Although anxiety is common in children with attention-deficit/hyperactivity disorder (ADHD), it is unclear how anxiety influences the lives of these children. This study examined the association between anxiety comorbidities and functioning by comparing children with ADHD and no, 1, or ≥2 anxiety comorbidities. Differential associations were examined by current ADHD presentation (subtype).


Children with diagnostically confirmed ADHD (N = 392; 5–13 years) were recruited via 21 pediatrician practices across Victoria, Australia. Anxiety was assessed by using the Anxiety Disorders Interview Schedule for Children—IV. Functional measures included parent-reported: quality of life (QoL; Pediatric Quality of Life Inventory 4.0), behavior and peer problems (Strengths and Difficulties Questionnaire), daily functioning (Daily Parent Rating of Evening and Morning Behavior), and school attendance. Teacher-reported behavior and peer problems (Strengths and Difficulties Questionnaire) were also examined. Linear and logistic regression controlled for ADHD severity, medication use, comorbidities, and demographic factors.

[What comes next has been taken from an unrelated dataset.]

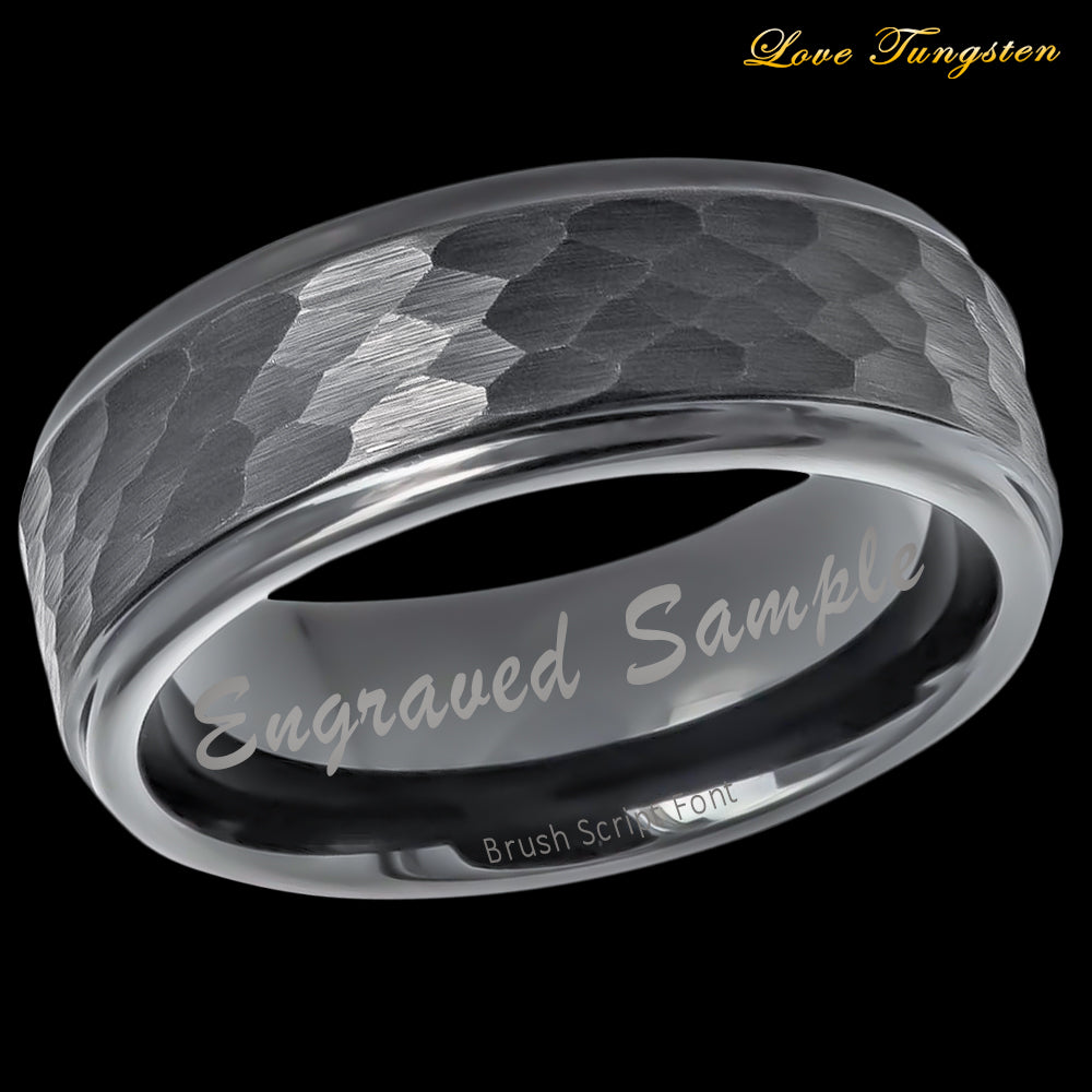 Elevate your style with our Gun Metal IP Plated Hammered Center with Stepped Edge Tungsten Ring - 8mm. This unique ring features a hammered center design and a gun metal IP plating, adding a touch of sophistication and rugged appeal.

Children with ≥2 anxiety comorbidities (n = 143; 39%) had poorer QoL (effect size: –0.8) and more difficulties with behavior (effect size: 0.4) and daily functioning (effect size: 0.3) than children without anxiety (n = 132; 36%). Poorer functioning was not observed for children with 1 anxiety comorbidity (n = 95; 26%). Two or more anxiety comorbidities were associated with poorer functioning for children with both ADHD-Inattentive and ADHD-Combined presentation.


Children with ADHD demonstrate poorer QoL, daily functioning and behavior when ≥2 anxiety comorbidities are present. Future research should examine whether treating anxiety in children with ADHD improves functional outcomes.